▸ **Your instructions**:
Transcribe word for word the section of the records below that opens with the line containing "Een 14 karaats" and closes with the line containing "Sodium chloride concentrations"; drop every picture.

Records from a dataset:
>>>

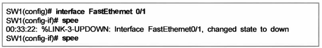 스위치에서 설정작업을 하다보면 명령어 입력도중에 시스템 관련 메시지들이 화면에 표시되면서 입력중인 명령어와 혼합되어 표시된다. 예를 들어, 인터페이스 FastEthernet 1/0/1의 속도를 10Mbps로 변경하기 위하여 speed 10이라는 명령어를 입력하는 도중에 특정 인터페이스의 상태가 변했다고 하자.
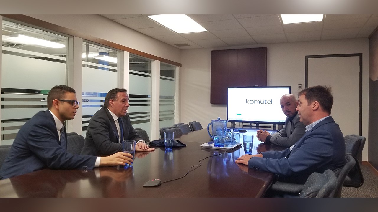 Richard Poulin, chef de la direction de Komutel, a discuté avec M. Legault pendant un bon moment dans une salle de conférence. M. Poulin lui a expliqué les fondements de son entreprise, ses aspirations, ses réussites et ses difficultés.
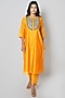 Featuring a yellow kurta in chanderi base with marori and sequins work. It is paired with matching cotton tulip pants.
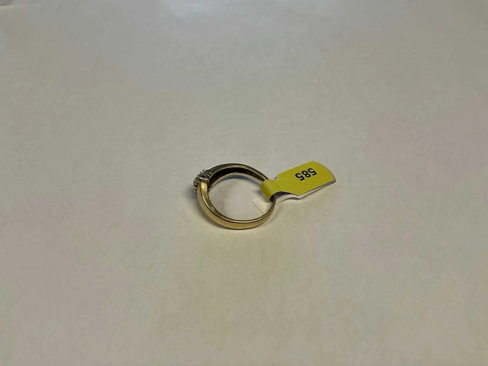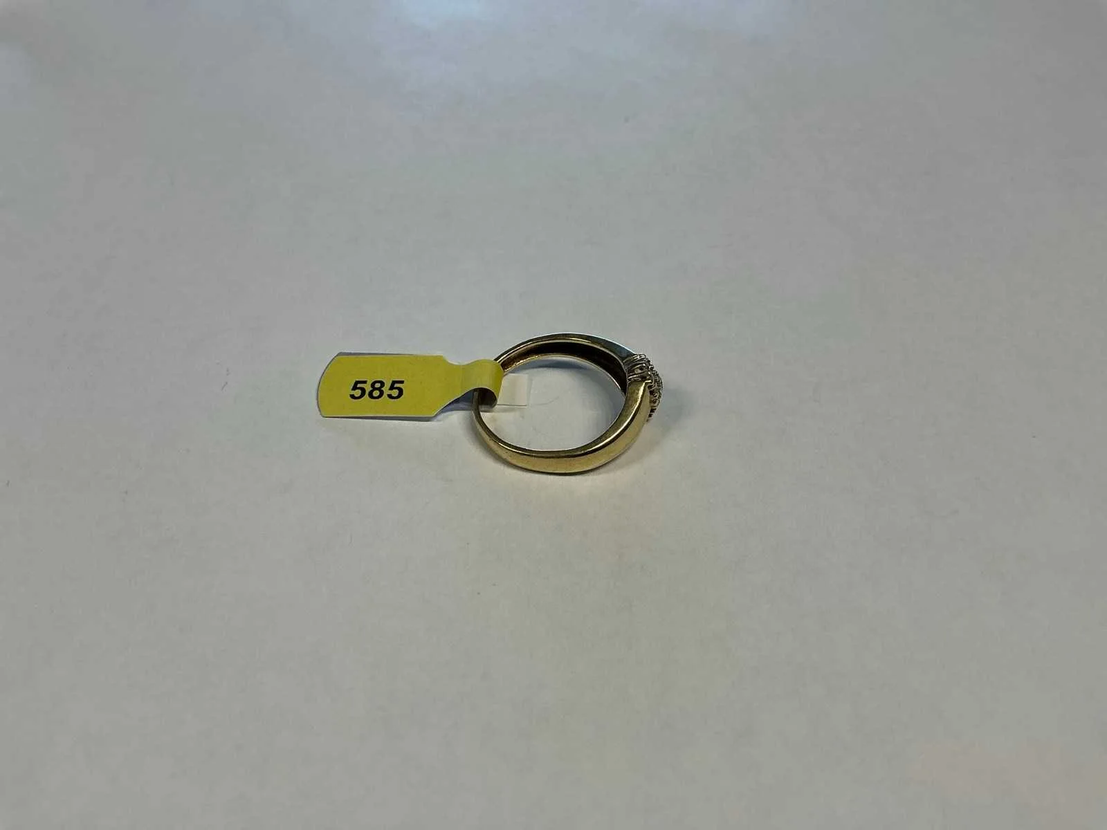 Een 14 karaats (585/000) geelgouden ring. Centraal een ovale vorm bezet met briljant geslepen diamanten. Bruto gewicht: 3,0 gram. Product type: 14 krt geelgouden
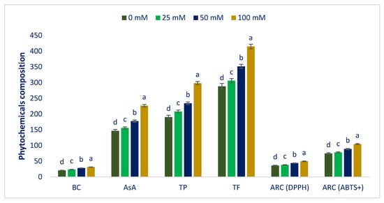 Sodium chloride concentrations gradually increased Folin–Ciocalteu reducing capacity, BC, AsA, TF, and ARC in the following order: Control < 25 < 50 < 100 mM salt concentrations. BC, AsA, Folin–Ciocalteu reducing capacity, TF, and ARC (DPPH and ABTS+) under 25, 50, and 100 mM salt concentration conditions were progressively increased by 14%, 6%, 10%, 6%, 6%, and 5%; 37, 21%, 23%, 22%, 20%, and 19%; and 52%, 55%, 57%, 41%, 38%, and 40%, respectively, compared to control conditions (Figure 8).
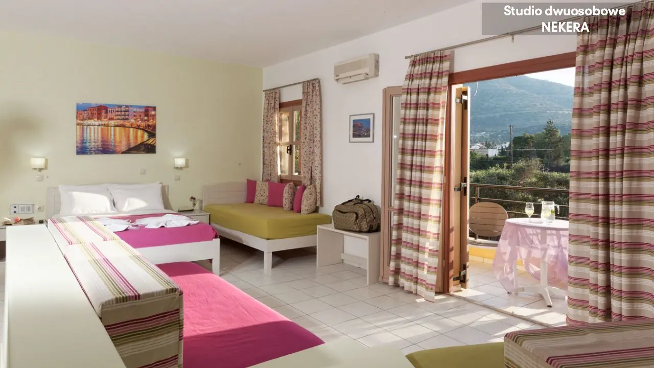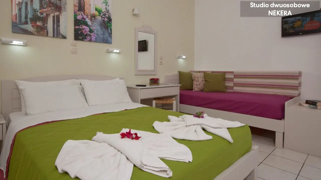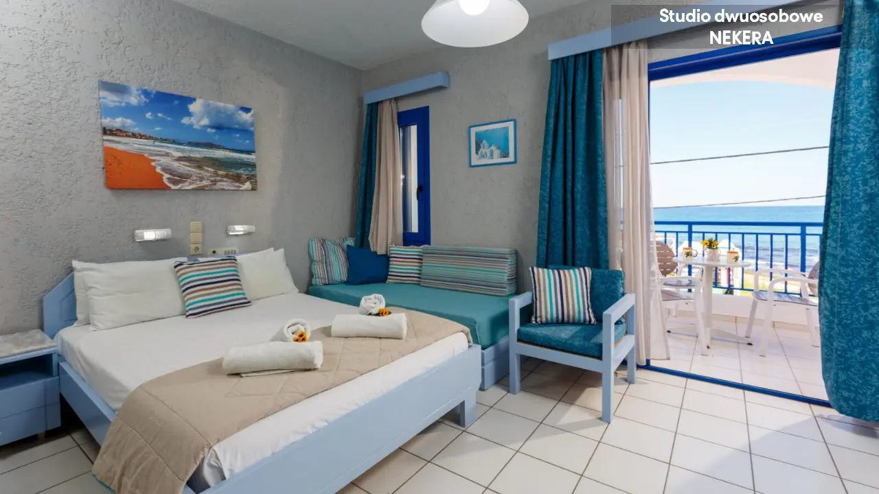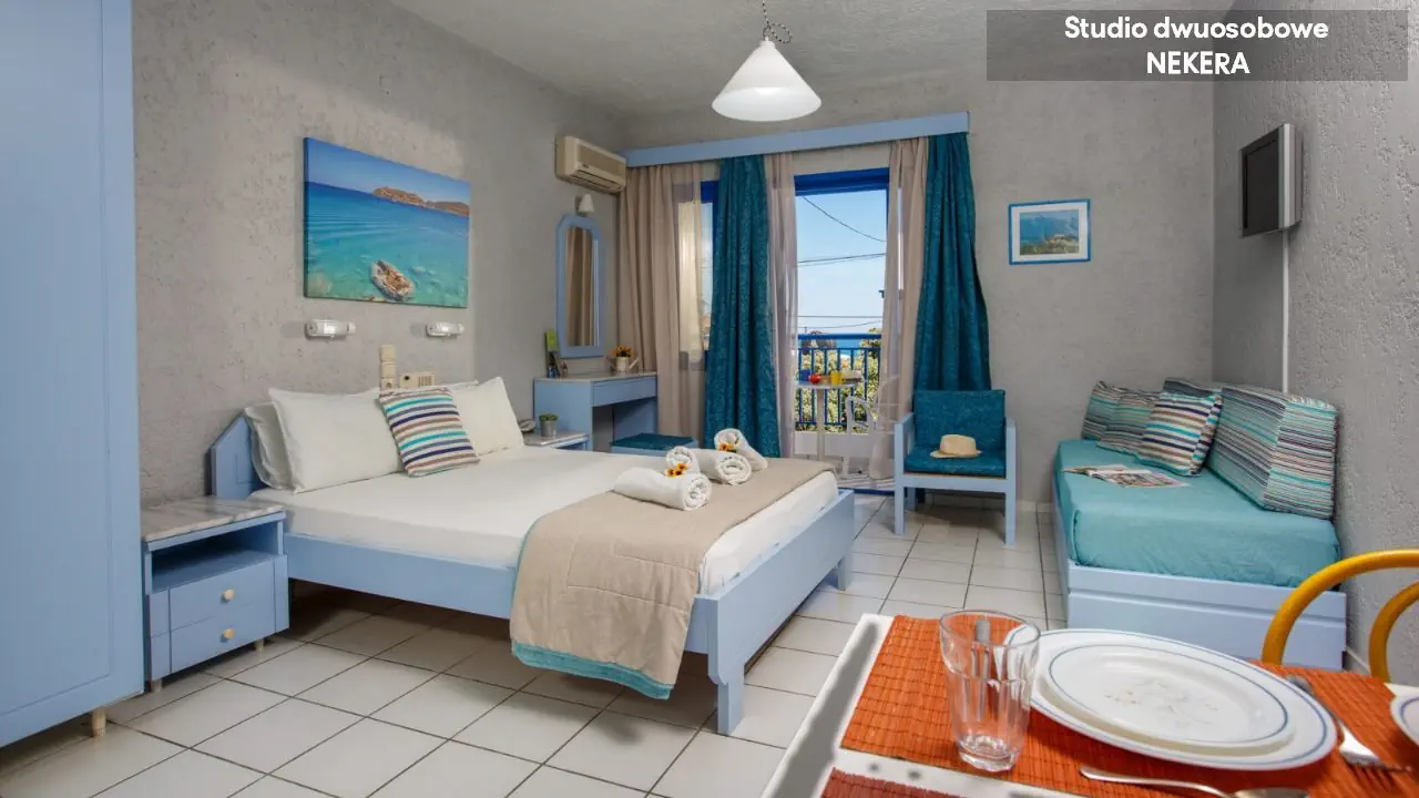 Pokoje typu Studio STUDIO ROOM: dla max. 4 os.; 1 sypialnia; prywatna łazienka (/prysznic, suszarka do włosów, WC), klimatyzacja indywidualna (płatna); sejf (płatny); lodówka; telefon; telewizja satelitarna; wyposażony aneks kuchenny, zestaw do parzenia kawy/herbaty; balkon lub taras. Apartamenty APARTMENT ROOM: dla max. 5 os.; pokój dzienny + sypialnia; prywatna łazienka (wanna, suszarka do włosów, WC), klimatyzacja indywidualna (płatna); sejf (płatny); lodówka; telefon; telewizja satelitarna; wyposażony aneks kuchenny, zestaw do parzenia kawy/herbaty; balkon lub taras.
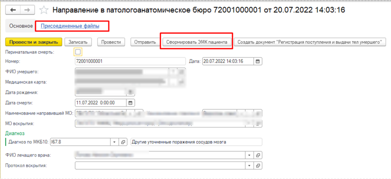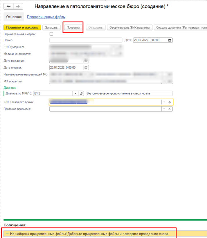 Если МО направившая и МО вскрытия совпадают, возможность провести Направление без прикрепления Присоединенных файлов будет.

<<<

▸ **Task response**:
 Een 14 karaats (585/000) geelgouden ring. Centraal een ovale vorm bezet met briljant geslepen diamanten. Bruto gewicht: 3,0 gram. Product type: 14 krt geelgouden
 Sodium chloride concentrations gradually increased Folin–Ciocalteu reducing capacity, BC, AsA, TF, and ARC in the following order: Control < 25 < 50 < 100 mM salt concentrations. BC, AsA, Folin–Ciocalteu reducing capacity, TF, and ARC (DPPH and ABTS+) under 25, 50, and 100 mM salt concentration conditions were progressively increased by 14%, 6%, 10%, 6%, 6%, and 5%; 37, 21%, 23%, 22%, 20%, and 19%; and 52%, 55%, 57%, 41%, 38%, and 40%, respectively, compared to control conditions (Figure 8).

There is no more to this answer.